Following Krebs' death in 1934, Main returned to the stage in the breakthrough role of Mrs. Martin, the mother of a gangster, in Dead End (1935), which ran for a year on Broadway. "Remarkably played," said Percy Hammond, the reviewer for the New York Herald Tribune. Critic Kelcey Allen concurred: "In two minutes she galvanized the audience with the sharpness of her delineation of a mother who accords a killer unusual treatment," he wrote. Main next signed on for Clare Boothe Luce 's drama, The Women (1936), stealing the show with her brief appearance as a Reno hotel maid. The actress reprised both her roles in Dead End and in The Women for the film versions of the plays.
From 1937, Main devoted herself to movies, finding her niche in a series of comedies during the 1940s, many of them with Wallace Beery. Her role as the frazzled farm wife with 13 children and a lazy husband, in the film adaptation of Betty MacDonald 's The Egg and I (1947), earned Main an Academy Award nomination and spawned the nine spin-off films of the "Ma and Pa Kettle" series, in which she costarred with the peppery Percy Kilbride. These low-budget films were never endorsed by the critics, but were extremely popular with the public. Main called Ma Kettle her favorite role, "good for a lot of laughs," she told The Saturday Evening Post, "and I would rather make people laugh than anything else." The last of the series was The Kettles on Old MacDonald's Farm (1957), after which Main retired.

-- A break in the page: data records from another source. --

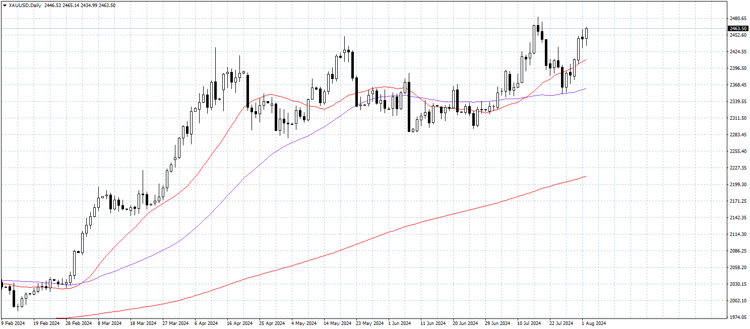 On Friday during the Asian session, the price of gold continued to rise to $2,450 per ounce. Gold investors are filled with concerns about the U.S. employment economic data to be released tonight. The continuous economic weakness has led the market to hold a pessimistic view on key economic data such as U.S. non-farm payrolls and the unemployment rate, boosting safe-haven sentiment and supporting gold prices. Additionally, the escalating geopolitical tensions in the Middle East, following the assassination of a Hamas leader, have further increased the demand for gold. Coupled with dovish remarks from the Federal Reserve (Fed), gold has a good chance of reaching a new historical high.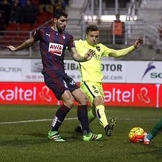 Durante los primeros minutos no hubo un claro dominador, ya que el Eibar acusó las bajas -sobre todo la de Keko Gontán- y los cambios de posición de sus jugadores. La primera ocasión clara fue visitante, ya que el brasileño Deyverson se plantó solo ante el portero Riesgo, pero su disparo raso y cruzado pasó junto al poste. Los azulgranas respondieron minutos después con un disparo de Dani García desde el borde del área que se fue fuera.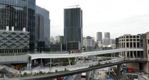 根據北外灘集團空中連廊項目負責人徐志良向記者介紹,北外灘空中連廊示范段一期工程已經在2022年底的時候就已經竣工,空中連廊示范段2期項目也將會在近期沖刺完工,也將會全力彰顯當年開工當年竣工的北外灘加速度。該段連廊式示范段建成之后,將會形成一個閉環空中步行系統,將北外灘核心區域的商業綜合體進行無縫串聯。
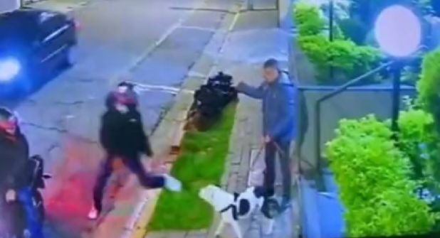En ese mismo momento, los individuos se detienen frente al hombre, y el que iba en la parte trasera de la motocicleta desciende con la intención de asaltarlo.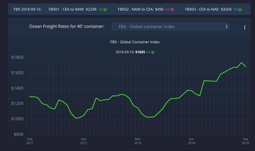 Developed in partnership with the Baltic Exchange, a market information provider for the maritime transportation industry, the FBX tracks freight pricing from 12 major routes around the world and also combines them into one index to serve as the freight industry’s equivalent of the S&P 500.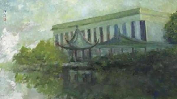 今天,当我们走进展厅,驻足于颜文樑的油画前,便能够真切地感受到低调背后深沉的艺术力量:色粉画《厨房》造型严谨精准,以江南旧式厨房为蓝本,将寻常的烟火描摹出含蓄的诗意;油画《上海外滩》以通透的光感捕捉着都市的摩登轮廓,远眺建筑群与近处的外白渡桥形成冷暖色调对比,勾勒出上海独有的肌理和风情;油画《月夜》则尽显江南文人的雅致与柔情,水天相接处朦胧月光与粼粼波光深藏着对故乡的深切眷念;油画《沧浪夏夜》更是迟暮之年的深情绝笔,他在93岁时提笔描绘了教学大楼与凉亭倒映在葑溪水中的场景,笔笔皆是对苏州美专的无尽追忆。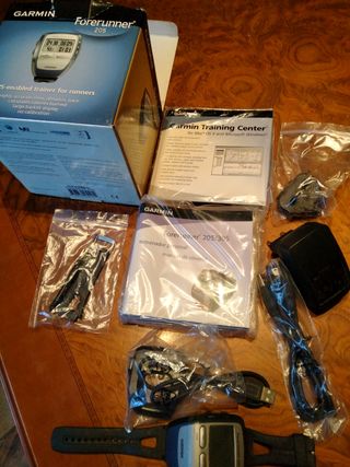 Accesorios Garmin Forerunner 205. Caja con manuales, cargador de pared, cable de ordenador y pulsera de recambio. Regalo el reloj que carga pero no aguanta mucho.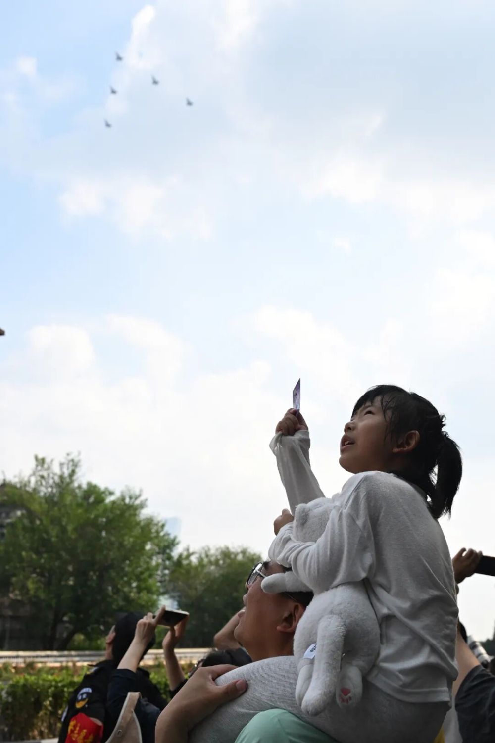 9月3日,纪念中国人民抗日战争暨世界反法西斯战争胜利80周年大会在北京隆重举行。这是市民在观看空中梯队。新华社记者 陈浩明 摄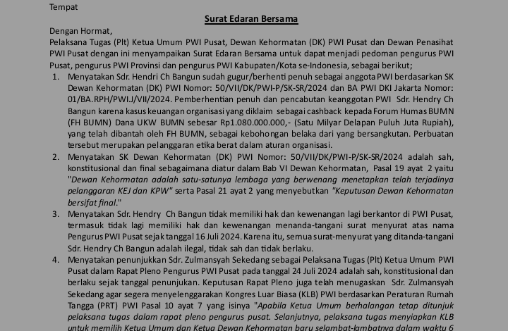 Pemberhentian ini didasarkan pada Surat Keputusan Dewan Kehormatan PWI Nomor: 50/VII/DK/PWI-P/SK-SR/2024 dan Berita Acara PWI DKI Jakarta Nomor: 01/BA.RPH/PWI.J/VII/2024.

In private life, Main was known as a charming, soft-spoken woman, who retained much of the conservatism she learned as the child of a minister. Known as one of the most unpretentious stars in Hollywood, she always did her own cooking and housework, claiming that it was good for her mental and physical health. After leaving films, the actress divided her time between homes in Los Angeles and Palm Springs until her death in 1975.
sources:
Katz, Ephraim. The Film Encyclopedia. NY: Harper-Collins, 1994.
Lamparski, Richard. Whatever Became of … ? 2nd Series. NY: Crown, 1968.
Rothe, Anna, ed. Current Biography 1951. NY: H.W. Wilson, 1951.